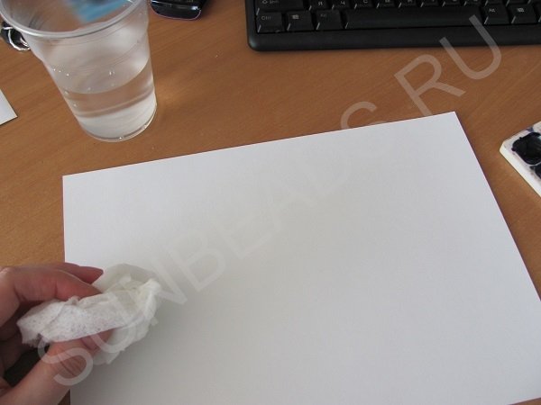 Пока бумага окончательно не высохла, сбрызгиваем ее водой, чтобы по всей поверхности появились живописные пятнышки.
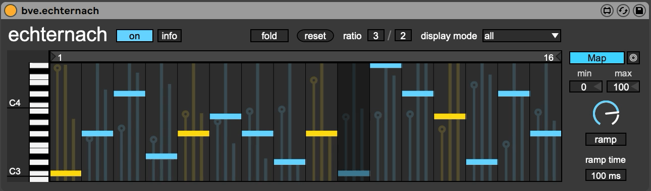 bve.echternach is a sequencer which progresses like the ancient Procession of Echternach, in which participants take three steps forward, followed by two steps backward, etc. The Procession of Echternach is an annual Roman Catholic dancing procession held at Echternach, in eastern Luxembourg. It is the last traditional dancing procession in Europe. The procession is held every Whit Tuesday around the streets of the city of Echternach. It honours Willibrord, the patron saint of Luxembourg, who established the Abbey of Echternach. |
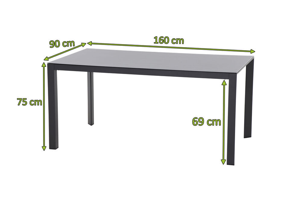 Wer das Besondere liebt ist mit diesem Esstisch bestens bedient. Der Tisch bietet mit seinen Maßen von ca. 160 x 90 x 75 cm Platz für ca. 4-6 Personen - so steht dem gemütlichen Mittagessen mit der Familie nichts mehr im Wege. Das Gestell wurde aus pulverbeschichtetem Aluminium in matt anthrazit hergestellt, was den Tisch besonders haltbar macht. Die Tischplatte besteht aus hochwertigem Glas, Keramikpulver beschichtet während die Tischbeine für ein weiteres optisches Highlight sorgen. Der Tisch hat ein Gewicht von ca. 25 kg. Die Fußkappen bestehen aus schwarzem Kunststoff und schützen den Boden vor unschönen Kratzern beim Verrücken des Möbelstücks.
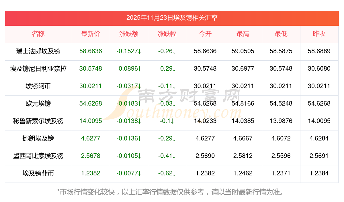 2025年11月23日埃及鎊相關(guān)匯率查詢

## Instructions to follow
Each line from the one that contains "Wer das Besondere" to the end of the listing must be quoted exactly; no other line and no picture belongs in the copy.

## Answer to this task
 Wer das Besondere liebt ist mit diesem Esstisch bestens bedient. Der Tisch bietet mit seinen Maßen von ca. 160 x 90 x 75 cm Platz für ca. 4-6 Personen - so steht dem gemütlichen Mittagessen mit der Familie nichts mehr im Wege. Das Gestell wurde aus pulverbeschichtetem Aluminium in matt anthrazit hergestellt, was den Tisch besonders haltbar macht. Die Tischplatte besteht aus hochwertigem Glas, Keramikpulver beschichtet während die Tischbeine für ein weiteres optisches Highlight sorgen. Der Tisch hat ein Gewicht von ca. 25 kg. Die Fußkappen bestehen aus schwarzem Kunststoff und schützen den Boden vor unschönen Kratzern beim Verrücken des Möbelstücks.
 2025年11月23日埃及鎊相關(guān)匯率查詢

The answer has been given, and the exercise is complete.